Questa osservazione può suggerire un ulteriore punto di contatto fra il federalismo di Eibl-Eibesfeldt e l’originale formulazione kantiana. Il pacifismo giuridico di Kant non è separabile dalla sottostante visione teleologica del divenire storico. E’ la fiducia metafisica nel progresso del genere umano che alimenta nel filosofo di Königsberg la speranza della pace perpetua. Quest’ultima, se non fosse garantita dalla segreta provvidenza che guida nascostamente il cammino della storia - come immagina Kant -, sarebbe anzi completamente gratuita. In maniera non troppo dissimile da Kant anche Eibl-Eibesfeldt (come già Lorenz) è portato a ipostatizzare le dinamiche evolutive, pur predicandone l’imprevedibilità e l’assenza di finalismo. In altri termini, l’evoluzione, sia quella biologica che la sua controparte culturale, è vista costantemente - in contrasto con il quadro teorico del darwinismo - come un processo cognitivo in cui le modificazioni apportano nuove informazioni sull’ambiente. A questo proposito, credo che si debba ammettere che questo orientamento di fondo è comprensibile solo se si considera l’idea di progresso come parte di una ‘metafisica influente’ nell’accezione usata da John Watkins (73). La fiducia che Eibl-Eibesfeldt ripone nella capacità della cultura umana di produrre nuove ritualizzazioni, idonee a disciplinare il patrimonio pulsionale dell’animale-uomo, va dunque valutata come adesione ad una concezione metafisica della storia e del progresso dell’umanità (74).
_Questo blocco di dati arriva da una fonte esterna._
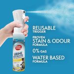 Packaged in an innovative refillable Flairosol spray bottle, it delivers an ultra-fine, continuous mist for even coverage—ideal for treating carpets, upholstery, bedding, hard floors, and more. Designed for pet parents who demand both performance and convenience, this spray is a must-have for managing accidents from dogs and cats.

Come si è visto, mentre le comunità più ridotte sono legate dalla conoscenza personale, l’identificazione dei componenti di una società formata da milioni di persone nella struttura statuale è possibile solo se mediata da simboli e valori comuni: questa esigenza, fondata su quegli adattamenti filogenetici che sono alla base della spontanea costituzione e differenziazione dei gruppi, può essere soddisfatta solo entro la cornice di un organismo statuale che riconosca uno spazio autonomo alle diverse componenti etniche. In modo particolare, l’edificazione di forme di governo federali sarebbe fortemente auspicabile in vista della risoluzione dei conflitti etnici che hanno luogo nel continente africano; in rapporto a questi eventi, la scelta operata dagli Stati occidentali di appoggiare una delle etnie coinvolte risulta per lo più arbitraria, dal momento che i reciproci antagonismi comportano intolleranze e persecuzioni da ciascuna parte. Ad esempio, nel caso della Namibia, il sostegno fornito da parte della Comunità Europea alla fine degli anni ottanta al leader del gruppo etnico Ovambo, Sam Nujoma, incaricato successivamente di guidare il nascente Stato namibiano ha rappresentato probabilmente una presa di posizione indebita e immotivata entro un contesto caratterizzato da un esasperato pluralismo (75).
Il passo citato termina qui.